__SOURCE DATA__.
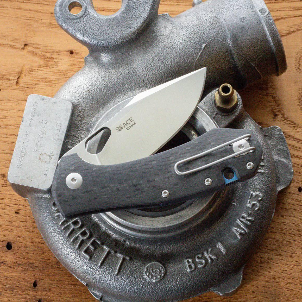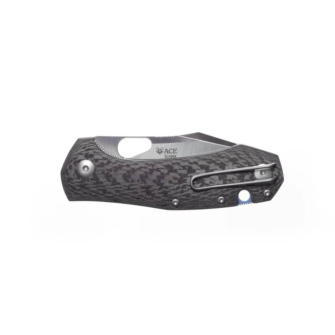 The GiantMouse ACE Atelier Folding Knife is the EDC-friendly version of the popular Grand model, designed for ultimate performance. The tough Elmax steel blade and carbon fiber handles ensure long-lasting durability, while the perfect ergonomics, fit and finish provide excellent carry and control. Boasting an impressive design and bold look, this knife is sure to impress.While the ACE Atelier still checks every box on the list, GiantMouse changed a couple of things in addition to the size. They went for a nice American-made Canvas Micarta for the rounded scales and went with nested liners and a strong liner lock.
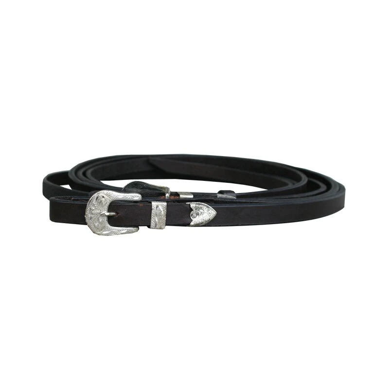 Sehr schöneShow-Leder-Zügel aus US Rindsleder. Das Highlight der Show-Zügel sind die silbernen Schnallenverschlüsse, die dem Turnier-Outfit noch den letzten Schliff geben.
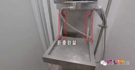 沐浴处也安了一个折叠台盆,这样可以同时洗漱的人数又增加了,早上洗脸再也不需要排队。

__ASSIGNED TASK__. All of the material goes into the answer exactly as it stands, except for the pictures.

__EXERCISE SOLUTION__.
 The GiantMouse ACE Atelier Folding Knife is the EDC-friendly version of the popular Grand model, designed for ultimate performance. The tough Elmax steel blade and carbon fiber handles ensure long-lasting durability, while the perfect ergonomics, fit and finish provide excellent carry and control. Boasting an impressive design and bold look, this knife is sure to impress.While the ACE Atelier still checks every box on the list, GiantMouse changed a couple of things in addition to the size. They went for a nice American-made Canvas Micarta for the rounded scales and went with nested liners and a strong liner lock.
 Sehr schöneShow-Leder-Zügel aus US Rindsleder. Das Highlight der Show-Zügel sind die silbernen Schnallenverschlüsse, die dem Turnier-Outfit noch den letzten Schliff geben.
 沐浴处也安了一个折叠台盆,这样可以同时洗漱的人数又增加了,早上洗脸再也不需要排队。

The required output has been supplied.